The introduction of ancillary, exhaustive spatial information linked to salinity might improve the mapping of this attribute. Many researchers have shown that remote sensing, particularly within the visible spectral range, yields spatial information strongly correlated with salinity (Mougenot, 1993; Rahman et al., 1994; Khan et al., 2001; Metternicht and Zinck, 2003) or soil surface features with additional microwave remotely sensed data (Metternicht and Zinck, 1998; Sumfleth and Duttmann, 2007). Moreover, several researchers have demonstrated the advantage of combining data from remote sensing with pinpoint information observed on the ground (Bishop and McBratney, 2001; Carré and Girard, 2002). Several studies have explored the potential benefits of using secondary information to map different variables. For example, Goovaerts (2000) compared Thiessen polygons, Inverse Distance Weighting (IDW), SKLVM, kriging with an external drift and collocated cokriging for soil mapping properties. With the latter three approaches elevation was used as the secondary variable and these techniques resulted in smaller prediction errors than the univariate ones.
Remotely sensed data can be useful for improving existing coarse-scale soil survey information at a regional scale. Thus, Odeh and McBratney (2000), Bishop and McBratney (2001) and Kerry and Oliver (2003) demonstrated that AVHRR (Advanced Very High Resolution Radiometer) data from the NOAA (National Oceanic and Atmospheric Administration) series of satellites, bare soil LANDSAT TM (Thematic Mapper) imagery and bare soil aerial colour photograph have been useful for the field-extent creation of different soil property maps using different prediction models (statistical and geostatistical techniques). They used the soil spectral variation for spatial prediction of soil attributes at a regional scale. The major objectives of our study was to compare different prediction methods such as Simple Linear Regression (SLR), Ordinary Kriging (OK) and method that make use of secondary or ancillary variables (LISS-III receiver data from IRS-P6) as a part of prediction such as Simple Kriging with a Locally Varying Mean (SKLVM) in order to determine the most appropriate approach to spatially transfer data from a limited number of sampling points to unsampled locations.
MATERIALS AND METHODS
Study site: The study area is found in Badjgah plain that located in Fars province, Southern Iran at geographical coordinates of 29°42` to 29°46` N latitude and 53°10` to 53°17` E longitude.
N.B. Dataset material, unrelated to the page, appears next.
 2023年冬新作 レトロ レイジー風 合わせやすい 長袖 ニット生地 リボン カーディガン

Soils of the region were developed over the limestone parent material. The mean annual precipitation, evaporation and temperature are 333.4 and 919.1 mm and 15.2°C, respectively. Soil moisture and temperature regime are xeric and thermic, respectively. According to the USDA Soil Taxonomy (Soil Survey Staff, 2006), the soil at the study region was classified as fine, mixed, mesic, Fluventic Calcixerepts.
Soil sampling, laboratory analysis and remotely sensed data: Eighty-five soil samples, on 08 September 2006, from the top soil (depth of 0-30 cm) were collected and geo-referenced using GPS receiver (accuracy of ±5 m), analyzed for ECe, P, OM, pH, TN and ESP. ESP was determined using the ammonium acetate (NH4OAc) method (Thomas, 1982); soil pH was measured with a glass electrode pH meter (McLean, 1982). Soluble salts were calculated by measurement of ECe in the soil extraction by the use of a conductivity meter (Rhoades, 1982). OM was determined dichromate oxidation procedure (Allison, 1965). Total Nitrogen (TN) was determined with the Kjeldahl method (McGill and Figueiredo, 1993), available phosphorus (P) was measured by the Olsen method (Olsen et al., 1954).
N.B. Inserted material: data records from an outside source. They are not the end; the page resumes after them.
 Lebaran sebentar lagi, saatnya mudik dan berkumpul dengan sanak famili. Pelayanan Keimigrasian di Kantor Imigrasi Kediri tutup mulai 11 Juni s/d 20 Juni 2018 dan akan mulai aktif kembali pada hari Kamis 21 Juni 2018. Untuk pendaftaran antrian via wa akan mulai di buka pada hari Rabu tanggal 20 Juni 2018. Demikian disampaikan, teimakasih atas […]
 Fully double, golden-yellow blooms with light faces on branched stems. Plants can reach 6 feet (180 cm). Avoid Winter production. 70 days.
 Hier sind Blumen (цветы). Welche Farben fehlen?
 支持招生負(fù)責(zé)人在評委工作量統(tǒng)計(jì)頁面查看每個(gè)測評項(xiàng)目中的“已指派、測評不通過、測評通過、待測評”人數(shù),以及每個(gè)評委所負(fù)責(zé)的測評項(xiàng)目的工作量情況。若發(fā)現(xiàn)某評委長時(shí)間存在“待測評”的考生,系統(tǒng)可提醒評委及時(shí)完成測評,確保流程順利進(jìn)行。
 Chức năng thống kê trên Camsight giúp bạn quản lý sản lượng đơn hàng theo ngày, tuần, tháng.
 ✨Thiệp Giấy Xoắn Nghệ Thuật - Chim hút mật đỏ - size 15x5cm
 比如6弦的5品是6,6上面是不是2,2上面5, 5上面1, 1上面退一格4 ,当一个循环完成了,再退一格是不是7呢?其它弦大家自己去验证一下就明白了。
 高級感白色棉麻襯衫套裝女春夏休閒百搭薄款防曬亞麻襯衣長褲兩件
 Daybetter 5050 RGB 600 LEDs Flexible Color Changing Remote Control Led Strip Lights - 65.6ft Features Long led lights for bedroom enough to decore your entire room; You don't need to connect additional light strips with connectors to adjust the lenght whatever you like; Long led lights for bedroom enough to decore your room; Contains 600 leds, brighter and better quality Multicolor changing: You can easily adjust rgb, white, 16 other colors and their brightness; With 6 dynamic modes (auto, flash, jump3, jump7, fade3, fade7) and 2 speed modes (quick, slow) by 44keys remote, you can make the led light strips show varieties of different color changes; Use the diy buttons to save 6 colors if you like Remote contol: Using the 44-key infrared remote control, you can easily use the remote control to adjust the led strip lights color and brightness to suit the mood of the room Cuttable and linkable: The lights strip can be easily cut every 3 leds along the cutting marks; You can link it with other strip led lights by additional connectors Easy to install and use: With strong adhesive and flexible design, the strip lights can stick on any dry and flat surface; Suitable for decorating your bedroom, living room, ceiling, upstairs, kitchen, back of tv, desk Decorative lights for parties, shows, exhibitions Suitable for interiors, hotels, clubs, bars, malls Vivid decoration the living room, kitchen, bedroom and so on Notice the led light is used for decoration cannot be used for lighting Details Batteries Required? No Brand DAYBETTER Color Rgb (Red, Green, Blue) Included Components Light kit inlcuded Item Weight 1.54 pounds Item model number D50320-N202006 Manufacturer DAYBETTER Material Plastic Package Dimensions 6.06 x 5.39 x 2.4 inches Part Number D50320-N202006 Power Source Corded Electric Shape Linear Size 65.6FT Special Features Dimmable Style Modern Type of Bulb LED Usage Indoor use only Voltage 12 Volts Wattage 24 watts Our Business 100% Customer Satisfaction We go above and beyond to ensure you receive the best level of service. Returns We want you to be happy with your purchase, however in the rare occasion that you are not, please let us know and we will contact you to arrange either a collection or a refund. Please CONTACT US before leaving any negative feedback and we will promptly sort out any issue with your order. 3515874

Remote sensing data is now considered as an appropriate tool for deriving information in spatial and temporal domains by providing multi-spectral reflectance data at regular intervals in a synoptic mode. The satellite data used in this research is IRS-P6 scene, dated 08 September 2006. Geometric corrections were carried out in conjunction with the atmospheric correction. The imaging sensors on IRS-P6 that was used is a multispectral Linear Imaging Self-Scanner (LISS-III) in visible (0.52-0.59 μm, band 1; 0.62-0.68 μm, band 2), near-IR spectral bands (0.77-0.86 μm, band 3) with spatial resolution of around 23 meters and a Short Wave IR (SWIR) band (1.55-1.75 μm, band 4) with a resolution of around 70 m.
Prediction methods: A brief description of the prediction methods used is given below.
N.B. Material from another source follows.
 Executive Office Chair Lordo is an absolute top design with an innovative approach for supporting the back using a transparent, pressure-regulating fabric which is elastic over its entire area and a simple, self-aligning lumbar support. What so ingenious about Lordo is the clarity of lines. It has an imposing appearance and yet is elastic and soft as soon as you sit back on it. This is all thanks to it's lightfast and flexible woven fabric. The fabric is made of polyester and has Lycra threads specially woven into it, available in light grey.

Simple Linear Regression (SLR): Every sampled soil point was located
in the satellite image and its corresponding digital value in four bands (1,
2, 3 and 4) was extracted. It was verified that all variables (i.e., soil properties
and spectral values in visual range) were normally distributed. Pearson linear
correlations were determined between soil variables and spectral values in four
bands, accepting a confidence level of 95%. Regression equations were calculated
for those soil variables that showed higher significant correlations with digital
data. It should be imply that band combinations and principal component analysis
obtained from these four main bands had not more accuracy; therefore, the results
presented of the four main bands in Table 1.
Ordinary Kriging (OK): OK with a global variogram was used as a basis
of comparison with other methods, as predictions may only be derived from ground
where, m is the number of neighbours considered and wi (si) are the weights derived from variogram fitting (Goovaerts, 1997).
Simple Kriging with Locally Varying Mean (SKLVM): Simple Kriging (SK)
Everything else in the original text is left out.